What the task asks
Please give back the listing below word for word and drop any images.

Dataset extract
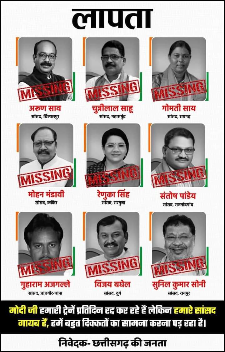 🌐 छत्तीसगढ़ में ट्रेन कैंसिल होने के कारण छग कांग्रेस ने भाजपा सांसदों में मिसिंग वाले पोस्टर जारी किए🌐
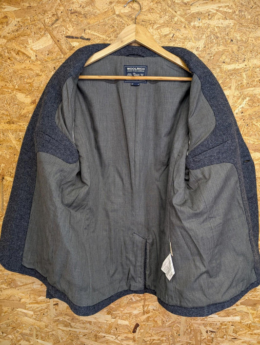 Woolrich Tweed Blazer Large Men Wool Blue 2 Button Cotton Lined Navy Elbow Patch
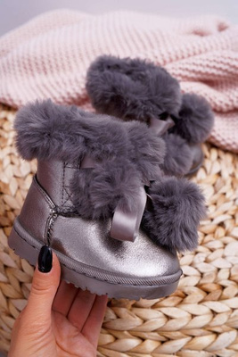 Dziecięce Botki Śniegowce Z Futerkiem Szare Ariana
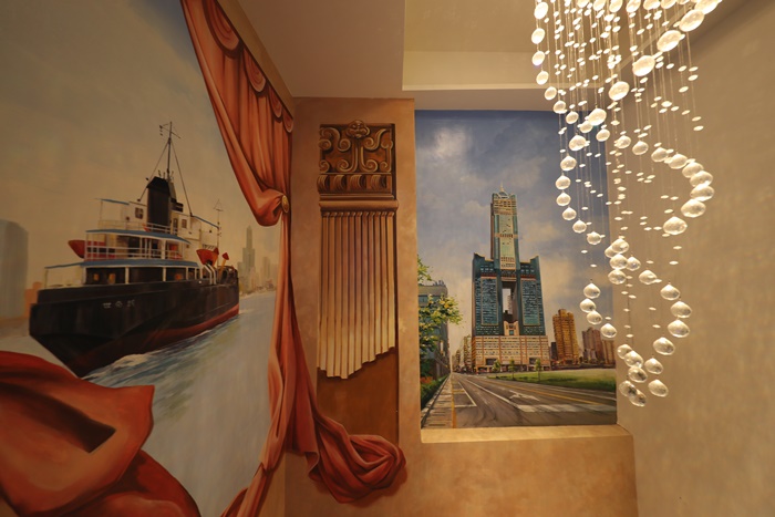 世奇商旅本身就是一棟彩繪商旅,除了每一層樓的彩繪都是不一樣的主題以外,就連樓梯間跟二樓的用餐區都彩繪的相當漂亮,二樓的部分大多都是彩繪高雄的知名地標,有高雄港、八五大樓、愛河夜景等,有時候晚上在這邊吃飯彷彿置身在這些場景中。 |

Solution to this exercise
 🌐 छत्तीसगढ़ में ट्रेन कैंसिल होने के कारण छग कांग्रेस ने भाजपा सांसदों में मिसिंग वाले पोस्टर जारी किए🌐
 Woolrich Tweed Blazer Large Men Wool Blue 2 Button Cotton Lined Navy Elbow Patch
 Dziecięce Botki Śniegowce Z Futerkiem Szare Ariana
 世奇商旅本身就是一棟彩繪商旅,除了每一層樓的彩繪都是不一樣的主題以外,就連樓梯間跟二樓的用餐區都彩繪的相當漂亮,二樓的部分大多都是彩繪高雄的知名地標,有高雄港、八五大樓、愛河夜景等,有時候晚上在這邊吃飯彷彿置身在這些場景中。 |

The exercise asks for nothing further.